In the radial direction of the clamper 11, the base side surface 12s of the core 12 is in contact with the outer peripheral surface 11a of the clamper 11, the base side surface 12s is a curved surface, the outer peripheral surface 11a is a cylindrical surface, and the curvature radius R2 of the base side surface 12s is smaller than the radius R1 of the outer peripheral surface 11 a. This suppresses the rotation of the core 12 around the fitting pin 14. Further, since the core 12 follows the curved surface of the clamper 11, the surface of the outer circumferential side of the core 12 can be ensured with roundness.

In addition, the method for manufacturing the stator of the outer rotor type motor according to embodiment 1 includes the steps of: preparing a holder 11, the holder 11 being provided with a 1 st hole 11h for fixing an iron core 12; an iron core 12 is prepared, and the iron core 12 has a 2 nd hole 12h provided at a position shifted from the 1 st hole 11h and is wound with a wire 13. The method for manufacturing a stator according to embodiment 1 includes the steps of: inserting the fitting pin 14 into the 1 st hole 11 h; the fitting pin 14 is inserted into the 2 nd hole 12h, and the iron core 12 is pressed against the holder 11, thereby fixing the iron core 12 to the holder 11.

Thus, the iron core 12 is fixed while being pressed against the clamper 11. This suppresses the rotation of the core 12 around the fitting pin 14. Further, one 2 nd hole 12h for fixing to the clamper 11 is provided in the core 12 at the central portion where the density of magnetic lines of force is low.

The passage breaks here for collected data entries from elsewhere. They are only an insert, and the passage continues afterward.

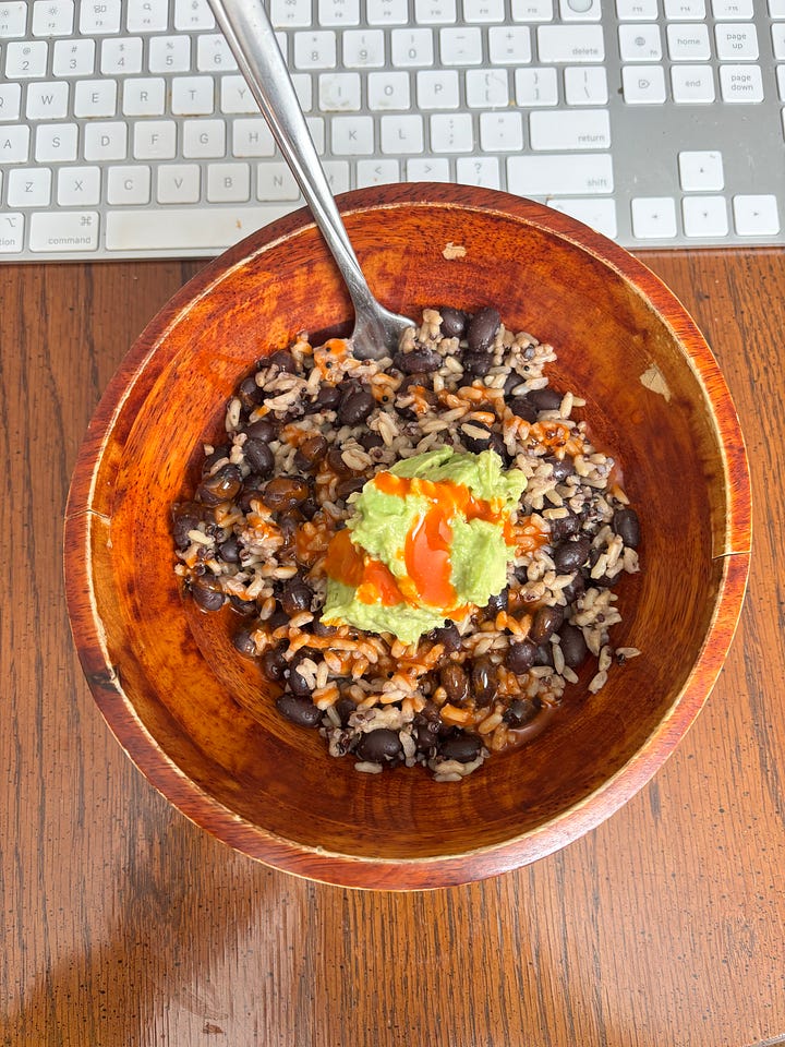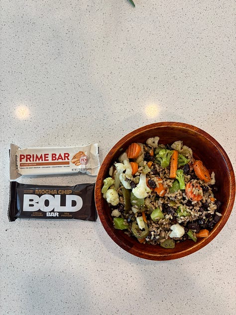 Lunch: Quinoa, brown rice, black bean mix + mixed veggies; Prime protein bar and BOLD Mocha chip caffeinated protein bar
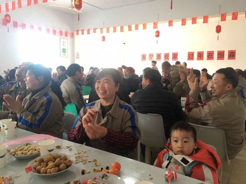 一片歡聲笑語(yǔ)中員工紛紛到來(lái),有序簽到入場(chǎng),明亮的餐廳,公司管理層早已布置,準(zhǔn)備好了整齊干凈的桌椅,掛起大紅燈籠,拉起了曖心的字語(yǔ),備了瓜子、花生、糖果等各種小食。待大家入座后,首先公司負(fù)責(zé)人李林虎表達(dá)了對(duì)到來(lái)的留廠員工的感謝。隨后一個(gè)有趣的互動(dòng)小游戲正式拉開(kāi)了茶話會(huì)的序幕,輕松歡快的氛圍中,李總帶大家回顧了2020年公司的經(jīng)歷,分享了所取得的成績(jī),并希望大家在新一年的工作中共同努力把恒森打造成充滿溫暖、互助友愛(ài)的大家庭。員工們邊吃邊聊邊表演著自己的拿手節(jié)目,相互拉著家常和探討著新的一年中要怎樣為公司的發(fā)展貢獻(xiàn)自己的力量,現(xiàn)場(chǎng)氣氛熱火朝天。一首《相親相愛(ài)的一家人》唱出了所有在會(huì)人的心聲,公司李總還親自為員工送上了新春祝福、慰問(wèn)品和曖心紅包。他們紛紛表示:海寧是我家,過(guò)年在恒森,雖距家千里但也能感受到了家的溫暖。此次活動(dòng)在大家洋溢著幸福笑臉的大合影中拉上帷幕。
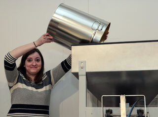 Der fertige Kaffee wird in einen Trichter der Abfüllanlage gefüllt.
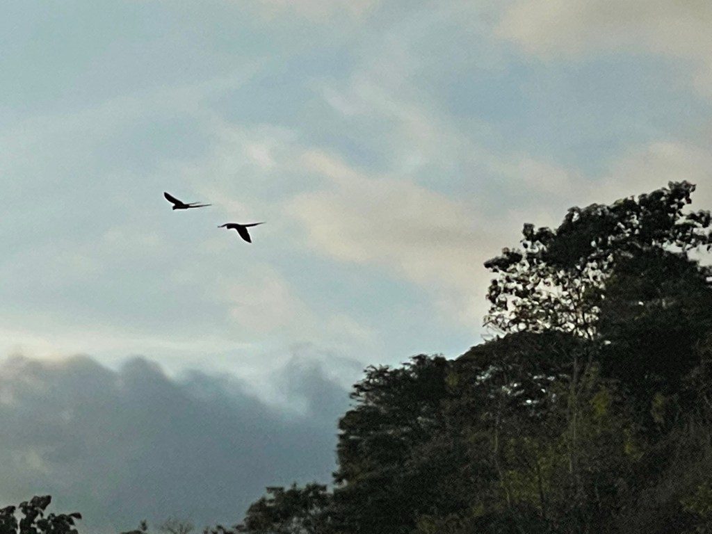 Passing by Refugio Nacional de Vida Silvestre Curu, the wildlife refuge, I squealed with delight as two macaws flew past and above us! With their bright red color and long tails they were immediately identifiable. My first wild macaw sighting! Perfectly in sync, the macaw couple stayed shoulder to shoulder as they flew.

Thus, the iron loss of the motor is not increased.

Description of the reference symbols

10: a stator; 11: a gripper (stator yoke); 11 a: an outer peripheral surface; 11 h: 1, hole; 11 p: center of the 1 st well; 12: iron cores (teeth); 12 h: a 2 nd well; 12 p: center of the 2 nd well; 12 s: the root side; 13: winding; 14: a fitting pin; 100: an outer rotor type motor; r1: the radius of the outer peripheral surface of the holder; r2: radius of curvature of the root side of the core.

Claims

1. A stator of an outer rotor type motor having a stator yoke and a wound tooth portion as separate bodies,

a 1 st hole for fixing the tooth portion to the stator yoke is provided at the stator yoke,

a 2 nd hole is provided in a central portion of the tooth portion,

a center of the 2 nd hole is located radially outward of the stator yoke portion than a center of the 1 st hole,

fitting pins are disposed in the 1 st hole and the 2 nd hole.

2. The stator according to claim 1,

a root side surface of the tooth portion is in contact with an outer circumferential surface of the stator yoke portion in a radial direction of the stator yoke portion,

the side surface of the root is a curved surface,

the outer peripheral surface is a cylindrical surface,

the root side surface has a radius of curvature smaller than the radius of the outer peripheral surface.

3. A method for manufacturing a stator, comprising:

preparing a stator yoke provided with a 1 st hole fixing a tooth portion;

preparing the tooth portion having a 2 nd hole provided at a position shifted from the 1 st hole and wound;

inserting a fitting pin into the 1 st hole; and

inserting the fitting pin into the 2 nd hole and pressing the tooth portion against the stator yoke portion, thereby fixing the tooth portion to the stator yoke portion.